(The data Opens)

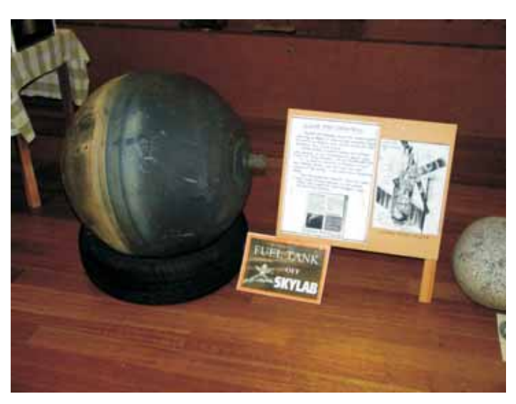
Another seminar, another Skylab! Following on from viewing the largeSkylab fuel tank at Mark Creasey's residence during the Perth joint seminar it was an amazing coincidence to see another Skylab tank, this time recovered after it was washed up on the West Coast of Tasmania!
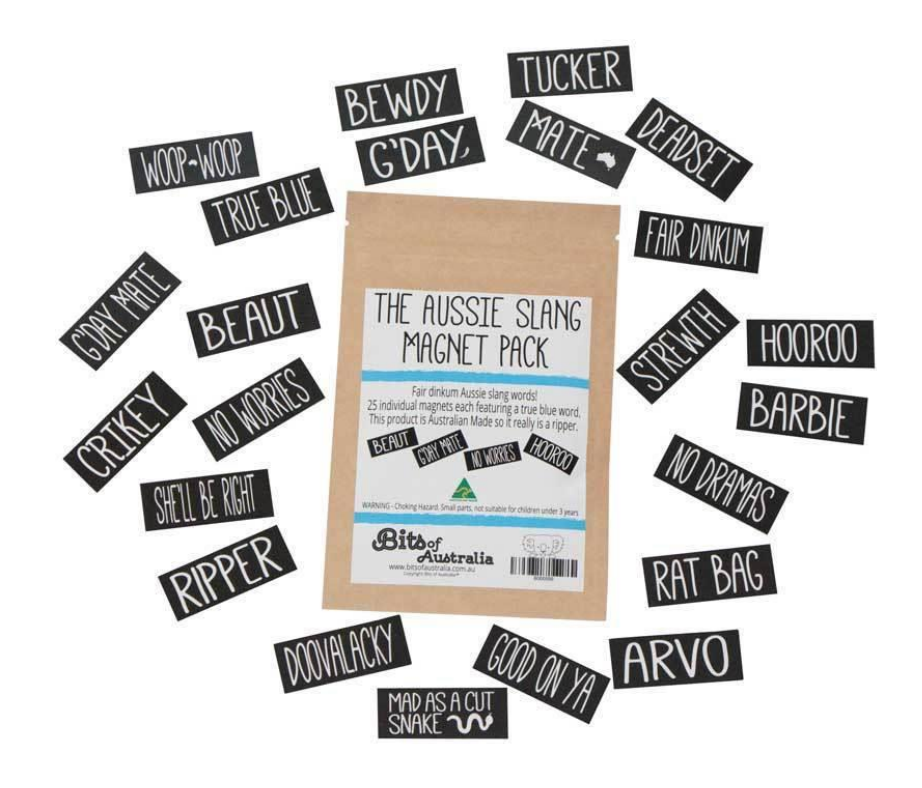
The Aussie Slang Magnet Pack Bits of Australia from $8.95AUD

7. Giving someone a selection of iconic Australian foods will help them get a real taste for what the Land Down Under has to offer. You can either send a ready-made gift box like these or head to your local supermarket and pick up some goodies to share. We recommend Vegemite, Tim Tams, Caramello Koalas, Fantales, Arnott's Barbecue Shapes, Twisties, some honey and even macadamia nuts.

(The data Closes)

# [Your instructions]
Pull out the lines above in which the word "from" appears.

# [Solution to this problem]
Another seminar, another Skylab! Following on from viewing the largeSkylab fuel tank at Mark Creasey's residence during the Perth joint seminar it was an amazing coincidence to see another Skylab tank, this time recovered after it was washed up on the West Coast of Tasmania!
The Aussie Slang Magnet Pack Bits of Australia from $8.95AUD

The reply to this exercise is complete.